Boffer Balsashield said:


> Not a gift and not Tolkien-related really, but my wedding ring looks just like the One Ring as shown in the films.


Welcome, Boffer! Yikes! That's scary!


----------



## Squint-eyed Southerner (Dec 17, 2020)

I imagine there are a lot of inscribed ones out there, on various fingers.


----------



## Alice (Dec 26, 2020)

SeS says it's not wacky

My Mom did that for me


----------



## Olorgando (Dec 26, 2020)

Alice Alice said:


> SeS says it's not wacky





Alice Alice said:


> My Mom did that for me


First, I think it's really sweet of your mom.
And second, I'm just stunned by the level of skill to create it.


----------



## Alice (Dec 26, 2020)

Wanted that though. Not wacky either



Olorgando said:


> First, I think it's really sweet of your mom.
> And second, I'm just stunned by the level of skill to create it.

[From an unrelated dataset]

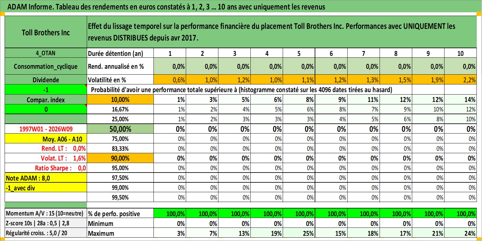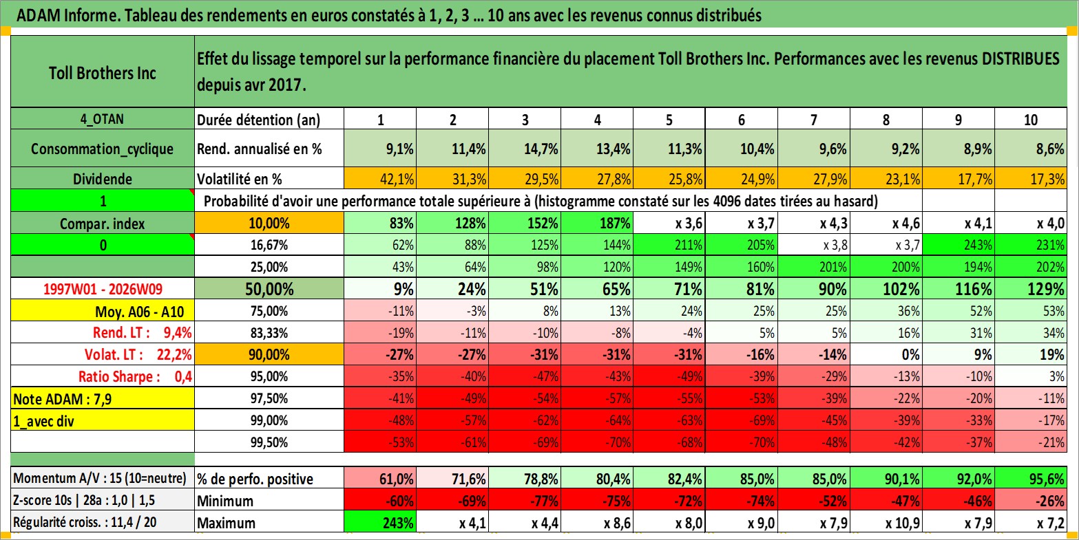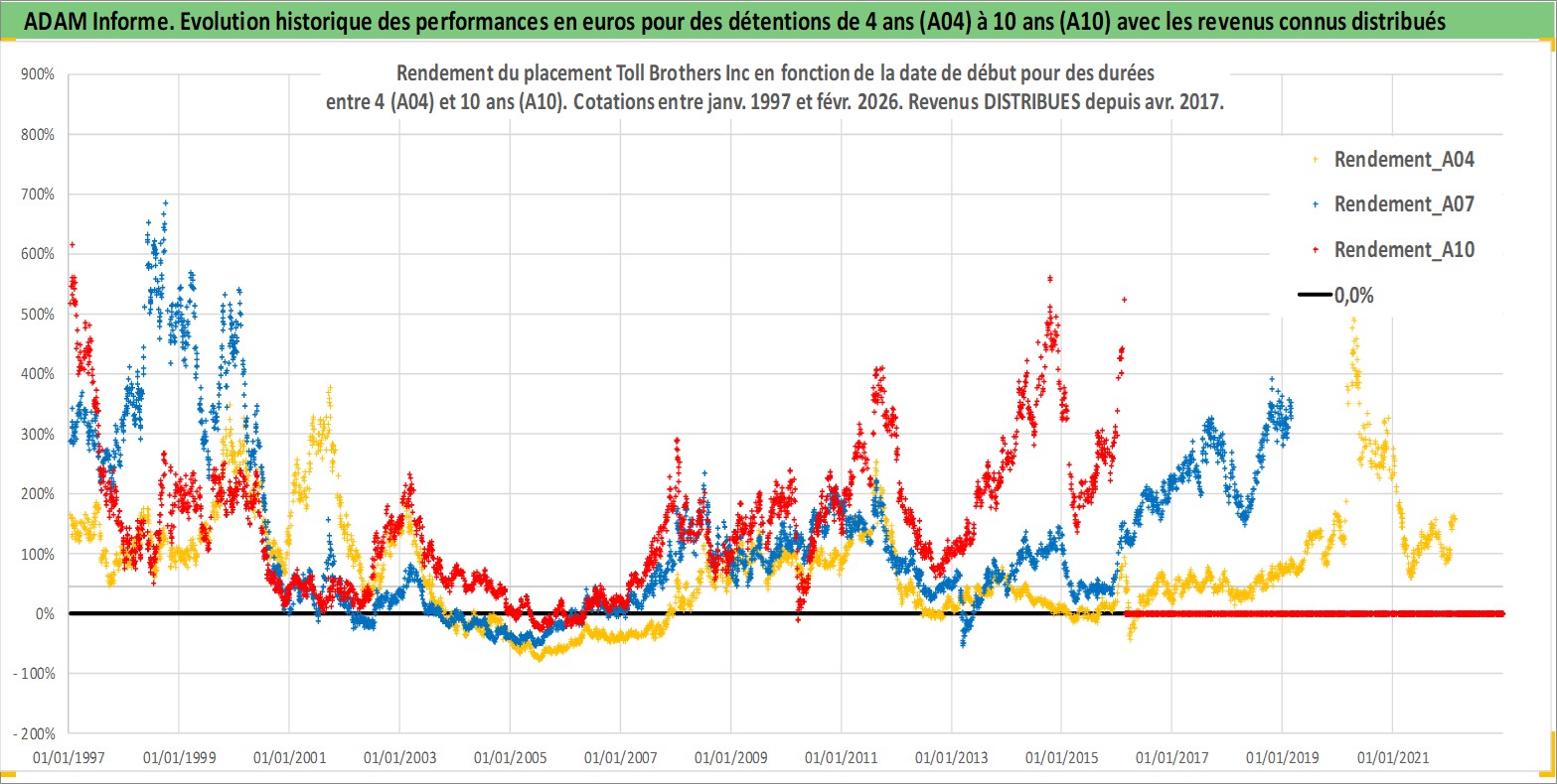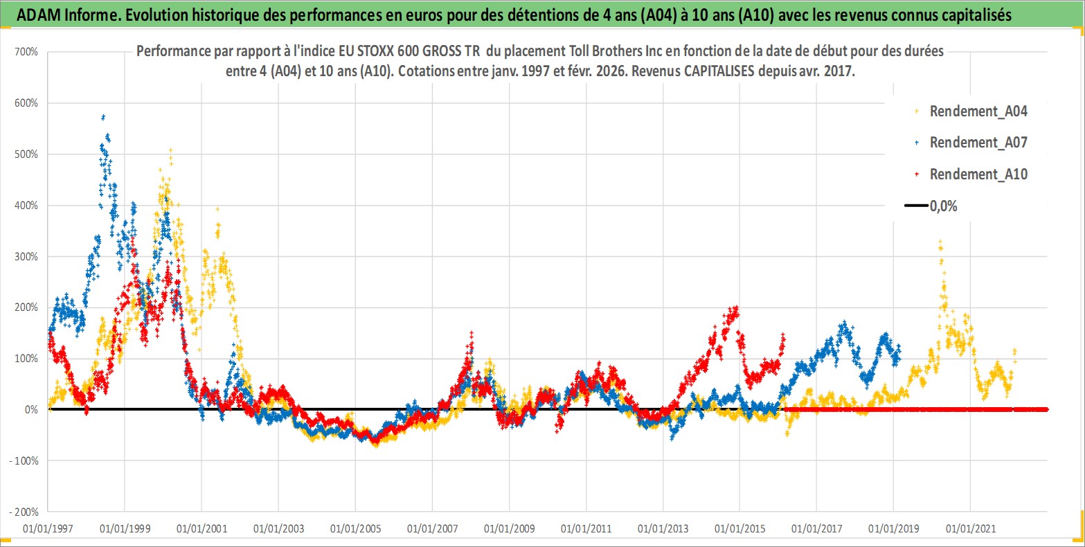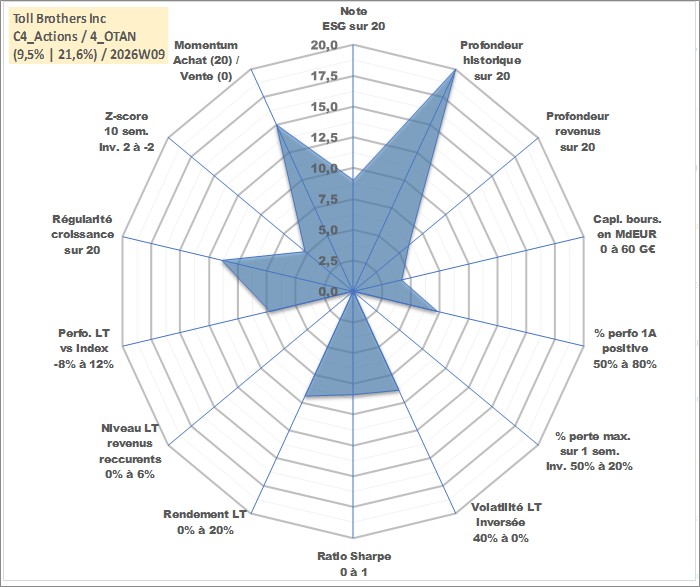 Site dédié aux investisseursPage dédiée sur site financeAnalyse des valorisations hebdomadaires de l'action Toll Brothers Inc. Cet actif est cote en USD. Les valorisations sont en contrevaleur EURO et couvrent les semaines 1997W01 a 2026W09. Les revenus de cet actif financier sont pris en compte depuis la semaine 2017W15. La note globale ESG de cet actif est estimee a 9.0 (apres rebasage entre 0 et 20).
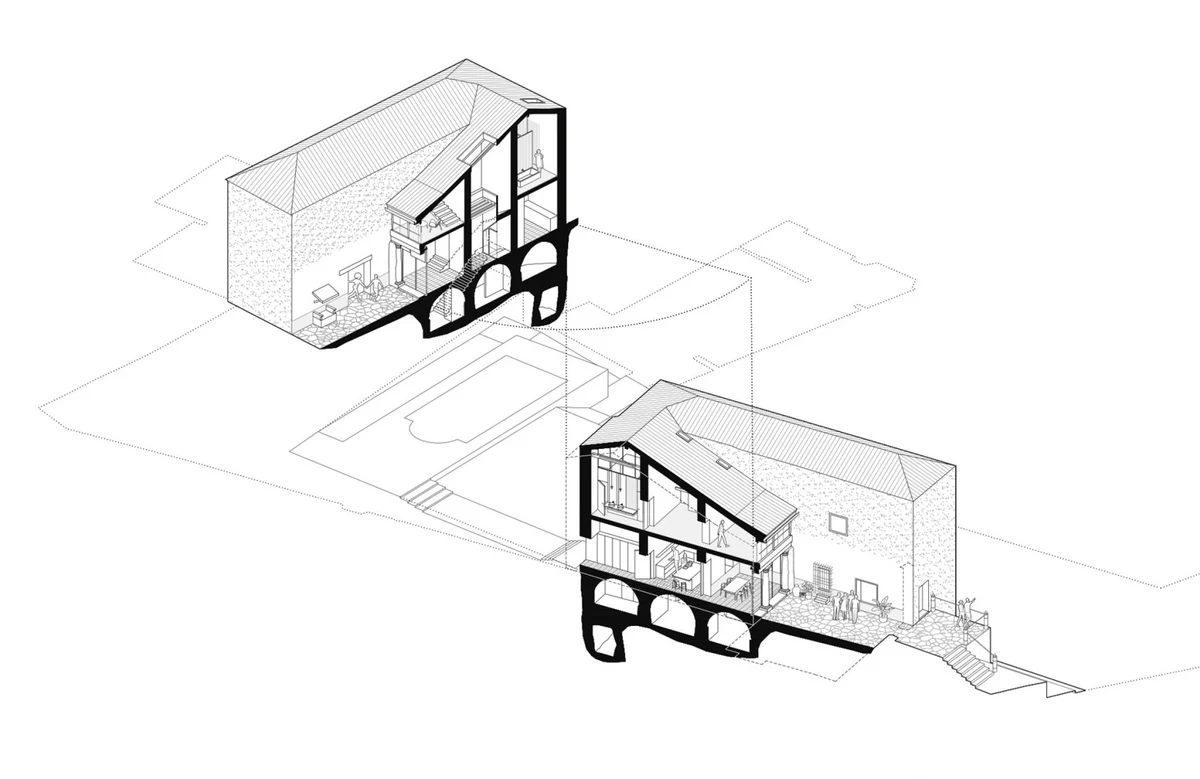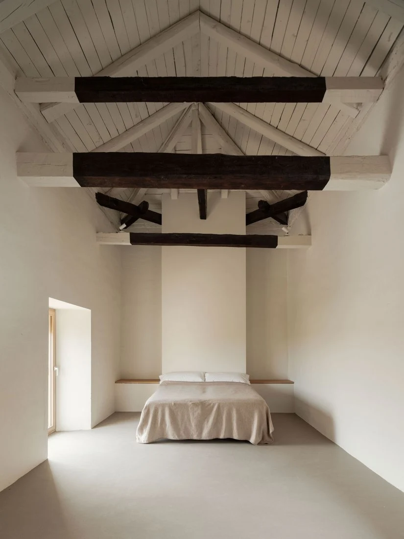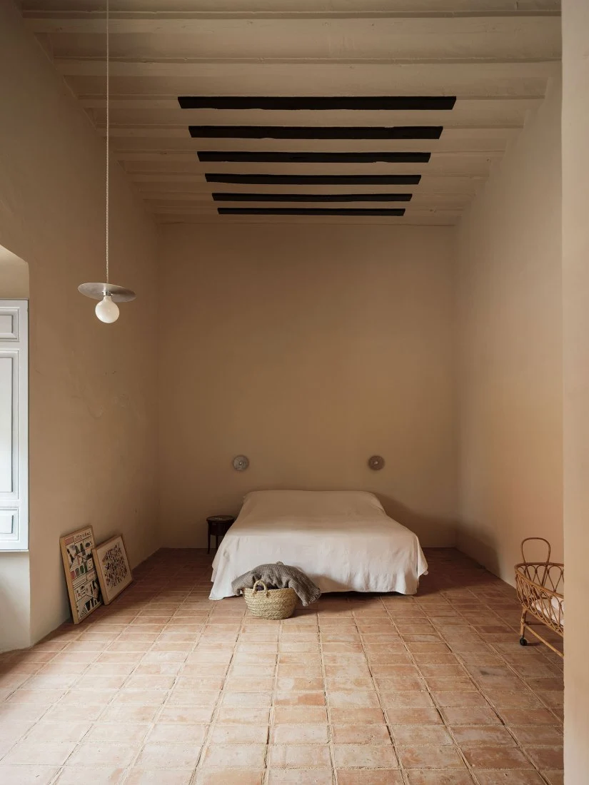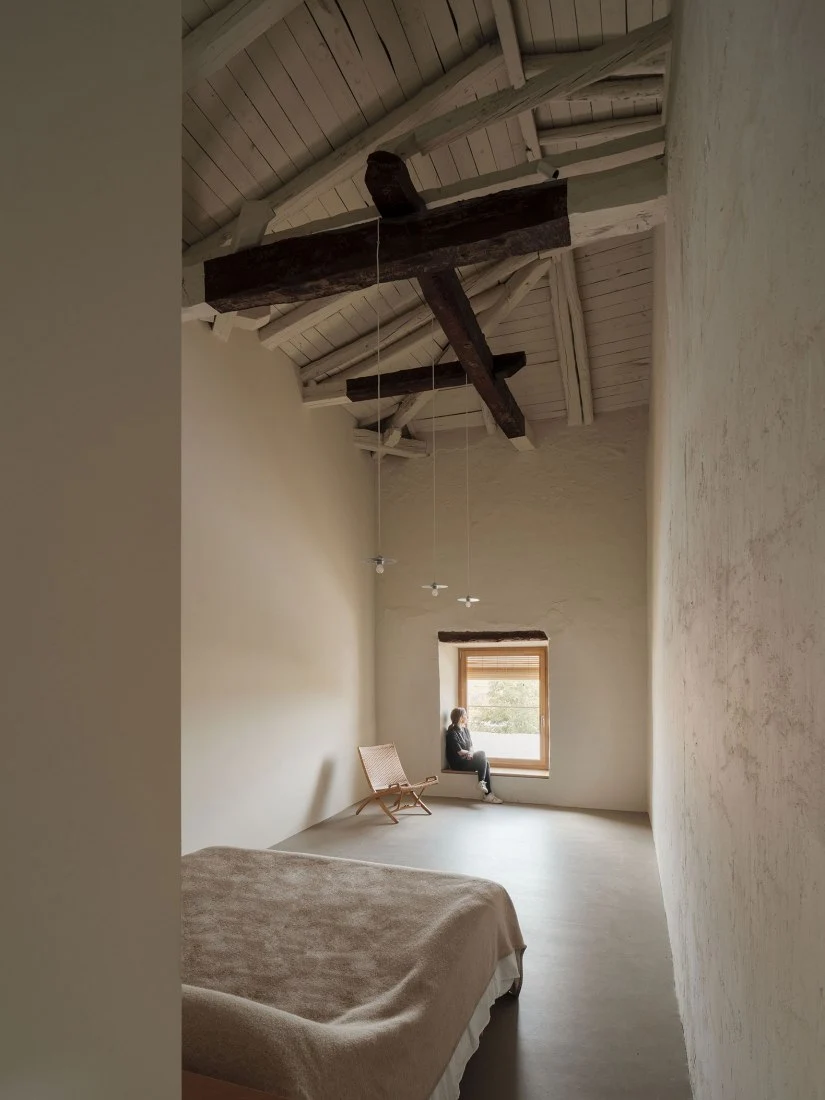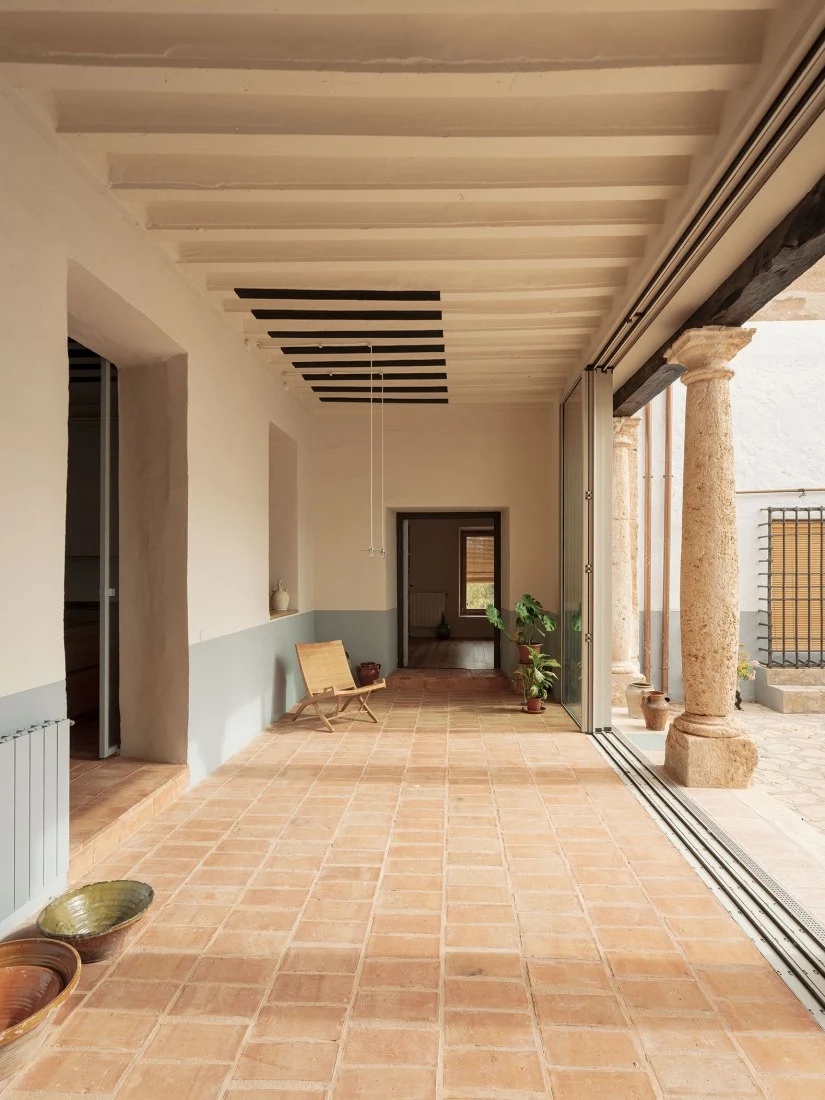 Las líneas limpias y los colores suaves contrastan con los elementos rústicos y originales que se han conservado, como los azulejos decorativos y los marcos de madera que cuentan el paso del tiempo. Además, la intervención da especial importancia a los materiales locales, reduciendo la huella ecológica y apoyando los oficios de la zona en elementos como las carpinterías, las baldosas o la piedra.

Yes it was great presentses for us on our preciousssssss birthday.
But we can use that only in the New Year because it's supposed to hang on New year's tree


----------



## Erestor Arcamen (Dec 26, 2020)

Alice Alice said:


> SeS says it's not wackyView attachment 8745
> 
> My Mom did that for me



That's really cool!


----------



## Alice (May 4, 2021)

Forgot about my Witch King birthday poster...


----------



## Squint-eyed Southerner (May 4, 2021)

Well, are we going to see it? 😁


----------



## 1stvermont (May 17, 2021)

Culaeron said:


> One year my sons bought me a Lord of the Rings version of the game Trivial Pursuit...and none would attempt to play against me. Must be 15 years ago, and it’s still on the shelf unplayed.



I schooled my family member at that game.


----------



## Barliman (Dec 19, 2021)

Squint-eyed Southerner said:


> For me, a "Gandroid the Grey" pin.
> 
> View attachment 8663


You're welcome.


----------



## Squint-eyed Southerner (Dec 19, 2021)

You do admit it's wacky, though, don't you?


----------